In all of our conversation around the hypotheticals of a legal third gender marker, it can be easy to lose sight of the real and immediate impact that out-dated or discriminatory legislation has on the lives of trans people in America. With civil rights under attack from the bathroom stalls to the workplace, optimism must be an intentional choice when trying to address the entrenched inequity facing the trans community. A third legal gender with all of the necessary advances in gender change legislation would be one small part of addressing the systemic barriers trans people face in their pursuit of life, liberty, and happiness.
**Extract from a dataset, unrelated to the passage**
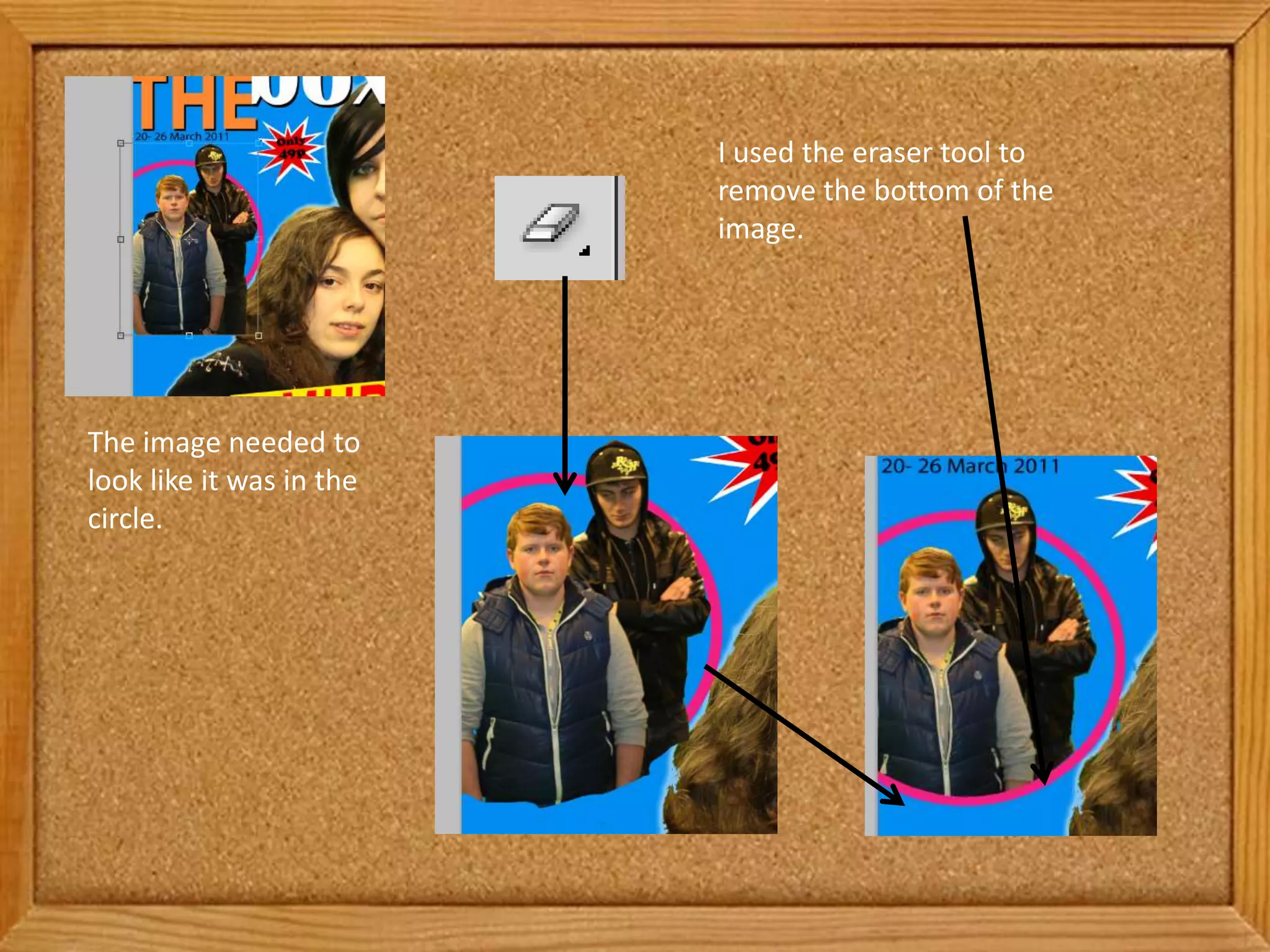 The document describes editing an image in several steps: erasing the bottom to make it fit in a circle, adding an outer glow to text to mimic magazine style, adjusting opacity and spread of the glow, using a gradient fill for the background and adjusting it, pulling characters onto the background, using the eyedropper tool to get a color and painting over text with that color, and adding new text.

If welcoming and defending trans people in the bathrooms they use is an everyday action to live philosophies of acceptance, then acting to ensure the civil equality of trans people is a way to enact the principle not only of civic engagement but also of justice. There are viable options through legislation and judicial precedent to hasten the slow advance of progress for trans recognition, but there are just as many proposals to take back the small protections that have already been won. A nation-wide, unambiguous commitment to a legal “X” gender marker is one way to ensure that non-binary people have better access to not only legal documentation, but also insured and appropriate medical care, secure access to non-discrimination claims based on gender identity, and less misgendering in their lives.